ASSIGNMENT
Leaving the pictures out, transcribe the records below exactly.

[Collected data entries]

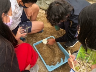 実際にトレーの中の山の斜面に川をつくり、上流からの流れを想定して実験しました!
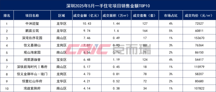 从单项目成交来看,【中洲迎玺】仍表现突出,成交金额最多达10.43亿元,本月网签127套,面积约1.44万㎡。
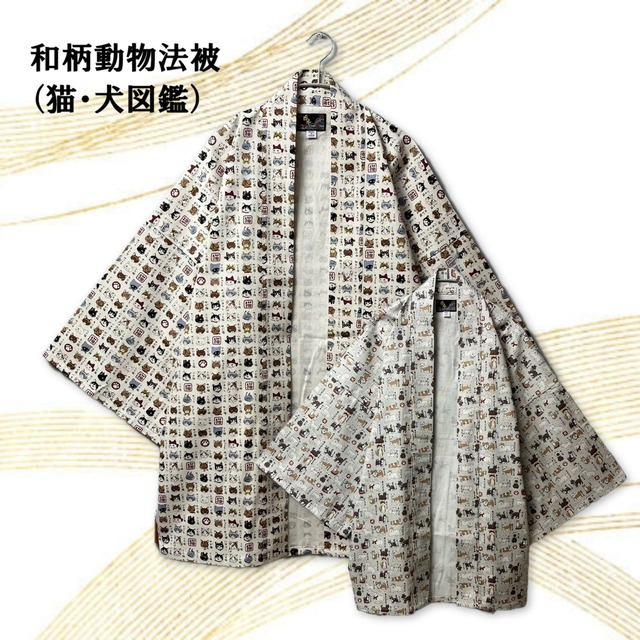 和柄動物法被(はっぴ) 猫図鑑、犬図鑑 日本製 CIAO TOKYO 539-08
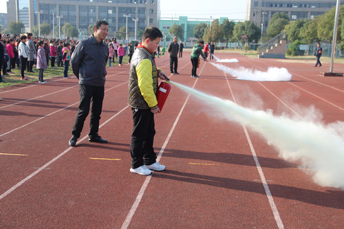 警报声起,同学们第一时间冲出教室,捂鼻猫腰,以迅雷不及掩耳之势在班主任老师的带领下,在相关老师的协助调度下,迅速地奔向大操场。经过整队和人数清点,并及时将数据上报本次演练总指挥、副校长郑惊女。最后,郑校长就本次活动作了总结讲话。她希望同学们进一步提升消防安全能力,加强四个能力建设,居安思危,时刻绷紧消防安全的心弦,并和全体师生再一次温习了灭火器的使用步骤及火灾发生的注意事项,让高年级学生进行了灭火器的实践操作演示。
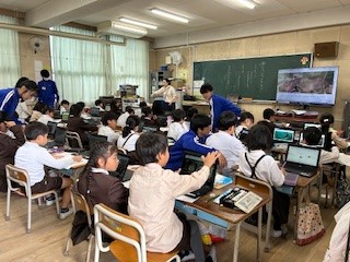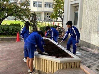 低学年の学習支援や、管理作業員さん、事務職員さんのお手伝いをしながら、学校での様々な仕事を体験しています。
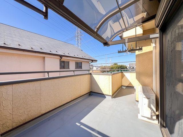 2階の洋室・タタミコーナーどちらからも出入りできる、広々としたルーフバルコニー南西向きで陽当たりも良く、周囲の視線を気にせず青空の下でリラックスできる、家族だけのプライベートテラスです。
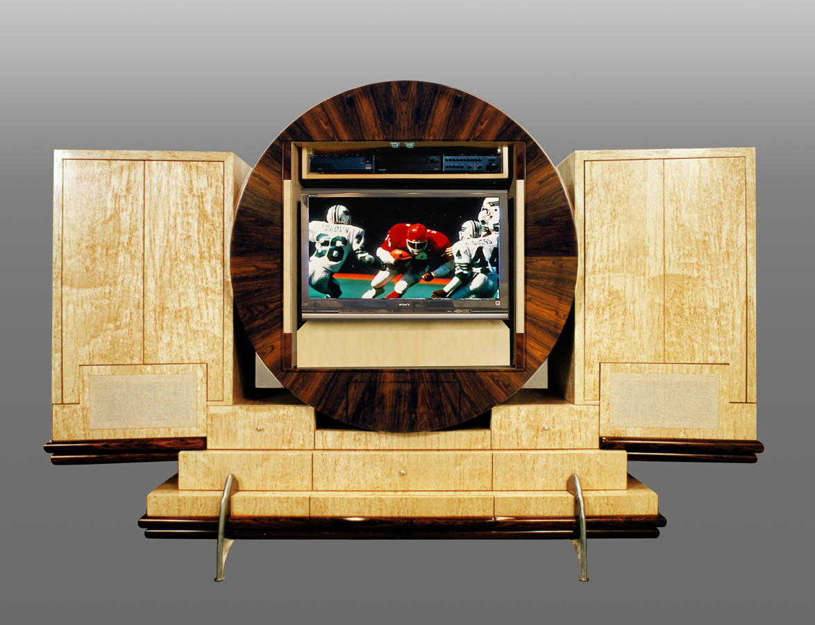 The Butterfly and Pi A/V Units in Karelian Burle, Cocobolo and stainless steel.
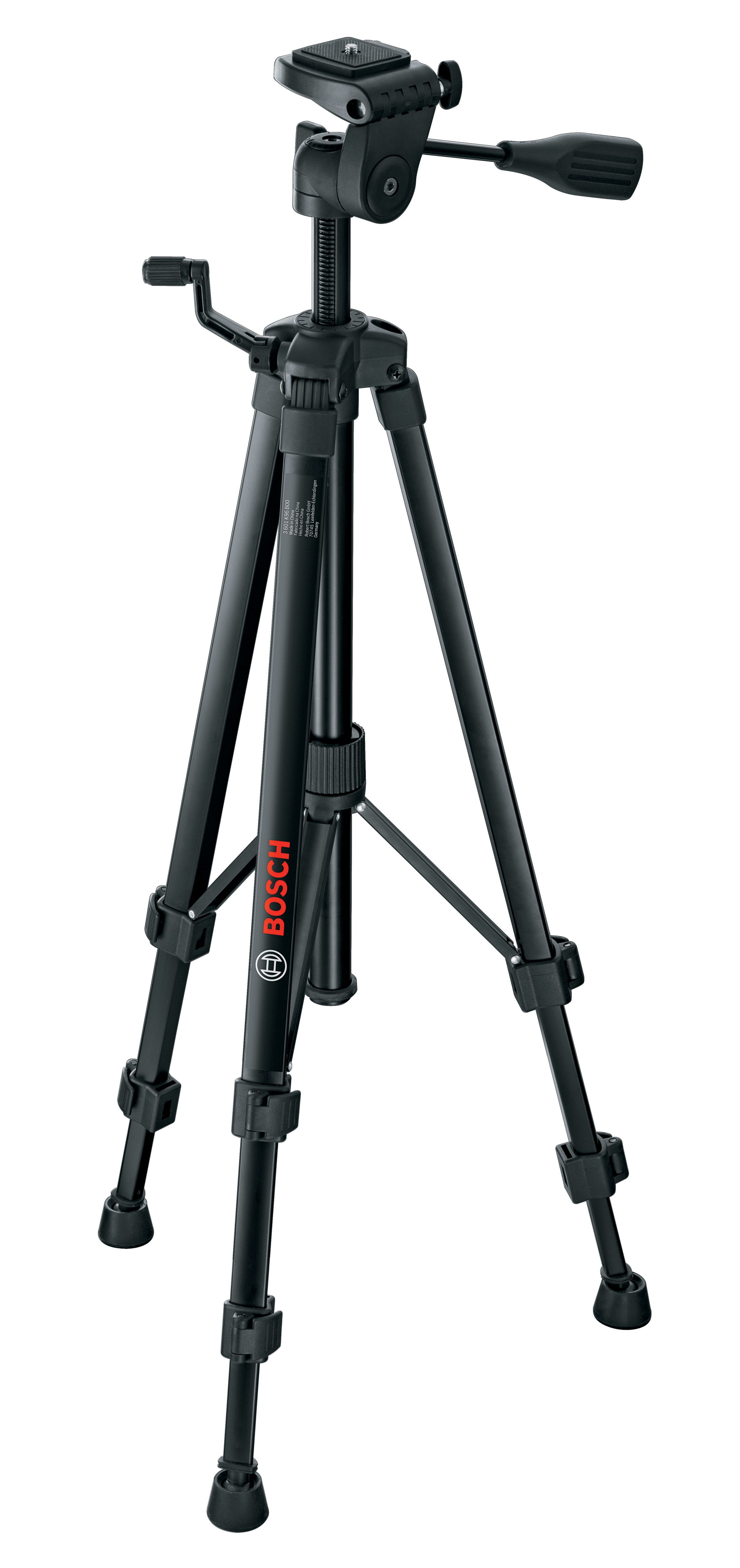 Continuously height adjustable between 52 & 147cm, the TT 150 Telescopic Tripod is the ultimate platform for your Bosch Laser Level, combining versatile positioning with secure & stable support. Working height can be fine-tuned & locked in place using the attached hand crank; the tripod's flexible head can also be set at any angle required. Additional stability is provided by the TT 150's rubber feet & firmly locking legs, & an inbuilt bubble level can be used for exact horizontal positioning. Made out of robust & lightweight aluminium, the tripod is difficult to damage & easy to transport. It can be used with the full range of Bosch line & cross line laser levels, & is also suitable for use with cameras with the standard 1/4" thread.
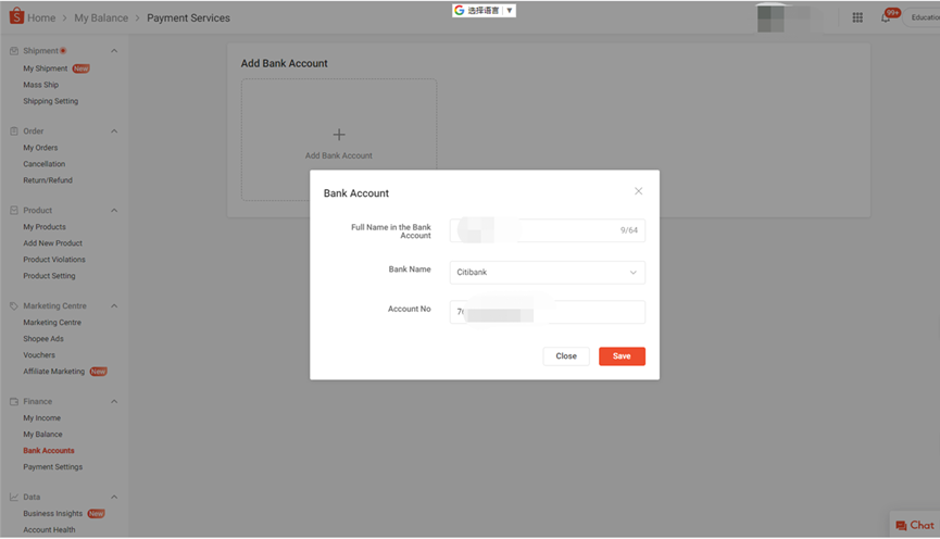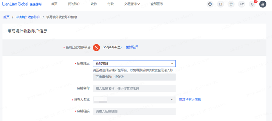 五、Shopee新加坡本土店铺后台绑定连连收款账户
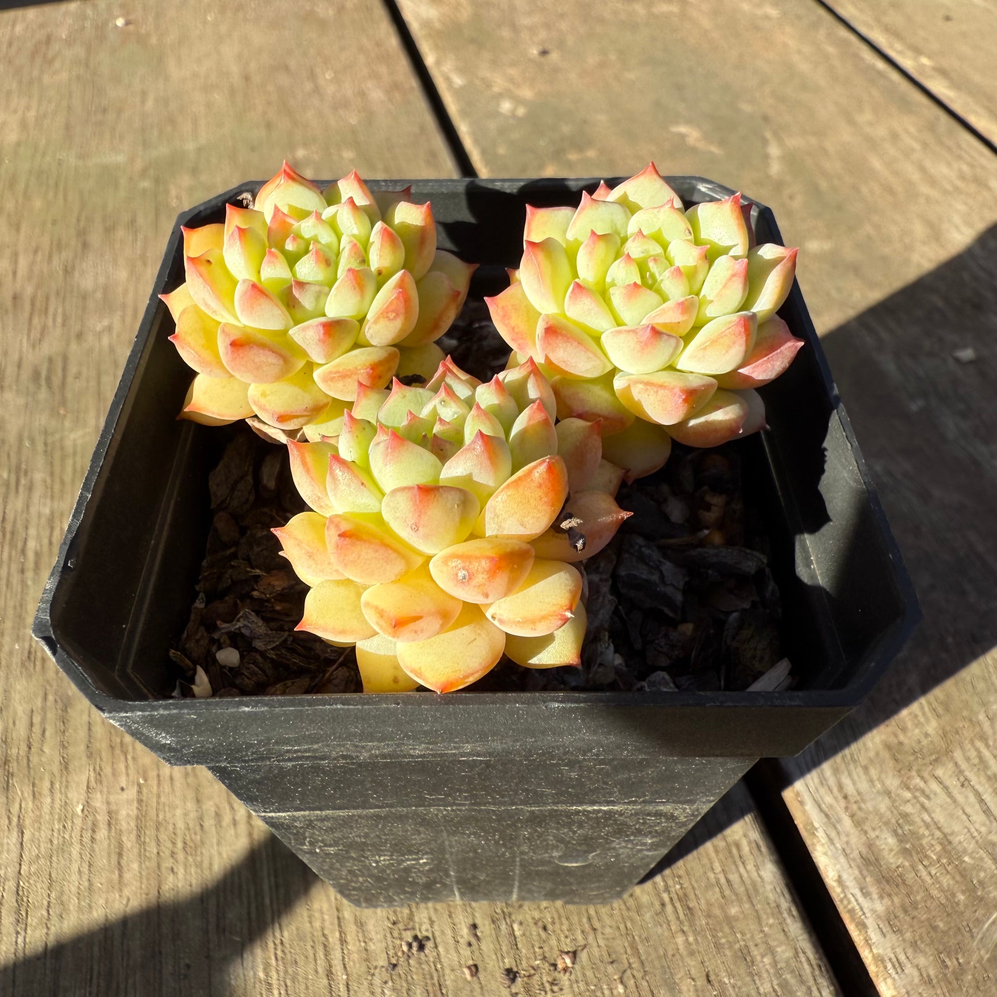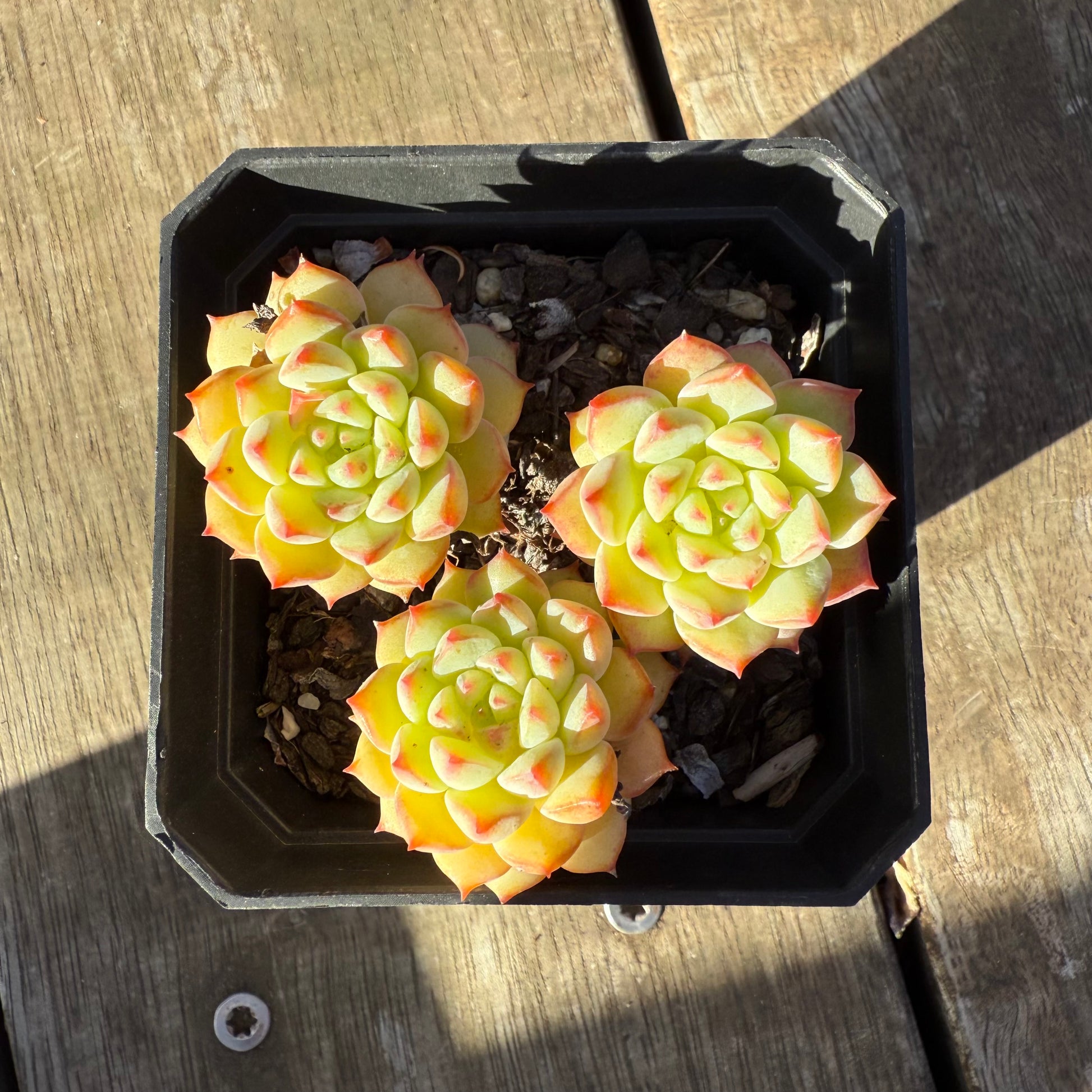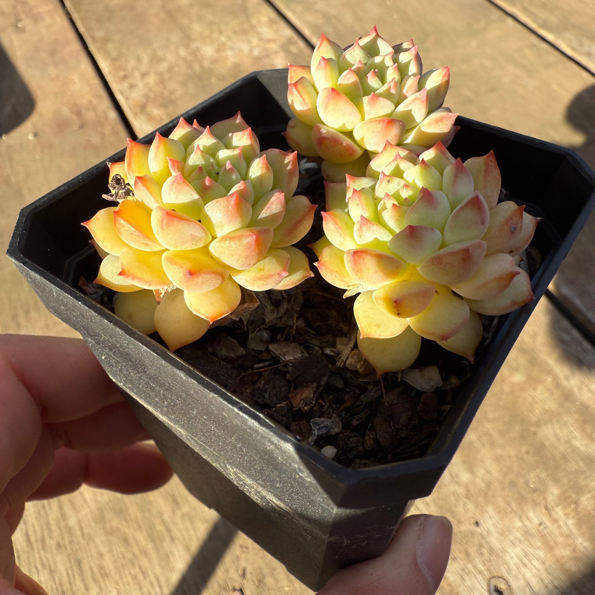 Echeveria Panda Face is a lovely miniature derenbergii hybrid with compact rosettes. Its tips become red when grown in full sun. When fully grown it only measures to 4-5 cm per head. Easy to offset. Prefers full/partial sun.

WRITTEN REPLY
 実際にトレーの中の山の斜面に川をつくり、上流からの流れを想定して実験しました!
 从单项目成交来看,【中洲迎玺】仍表现突出,成交金额最多达10.43亿元,本月网签127套,面积约1.44万㎡。
 和柄動物法被(はっぴ) 猫図鑑、犬図鑑 日本製 CIAO TOKYO 539-08
 警报声起,同学们第一时间冲出教室,捂鼻猫腰,以迅雷不及掩耳之势在班主任老师的带领下,在相关老师的协助调度下,迅速地奔向大操场。经过整队和人数清点,并及时将数据上报本次演练总指挥、副校长郑惊女。最后,郑校长就本次活动作了总结讲话。她希望同学们进一步提升消防安全能力,加强四个能力建设,居安思危,时刻绷紧消防安全的心弦,并和全体师生再一次温习了灭火器的使用步骤及火灾发生的注意事项,让高年级学生进行了灭火器的实践操作演示。
 低学年の学習支援や、管理作業員さん、事務職員さんのお手伝いをしながら、学校での様々な仕事を体験しています。
 2階の洋室・タタミコーナーどちらからも出入りできる、広々としたルーフバルコニー南西向きで陽当たりも良く、周囲の視線を気にせず青空の下でリラックスできる、家族だけのプライベートテラスです。
 The Butterfly and Pi A/V Units in Karelian Burle, Cocobolo and stainless steel.
 Continuously height adjustable between 52 & 147cm, the TT 150 Telescopic Tripod is the ultimate platform for your Bosch Laser Level, combining versatile positioning with secure & stable support. Working height can be fine-tuned & locked in place using the attached hand crank; the tripod's flexible head can also be set at any angle required. Additional stability is provided by the TT 150's rubber feet & firmly locking legs, & an inbuilt bubble level can be used for exact horizontal positioning. Made out of robust & lightweight aluminium, the tripod is difficult to damage & easy to transport. It can be used with the full range of Bosch line & cross line laser levels, & is also suitable for use with cameras with the standard 1/4" thread.
 五、Shopee新加坡本土店铺后台绑定连连收款账户
 Echeveria Panda Face is a lovely miniature derenbergii hybrid with compact rosettes. Its tips become red when grown in full sun. When fully grown it only measures to 4-5 cm per head. Easy to offset. Prefers full/partial sun.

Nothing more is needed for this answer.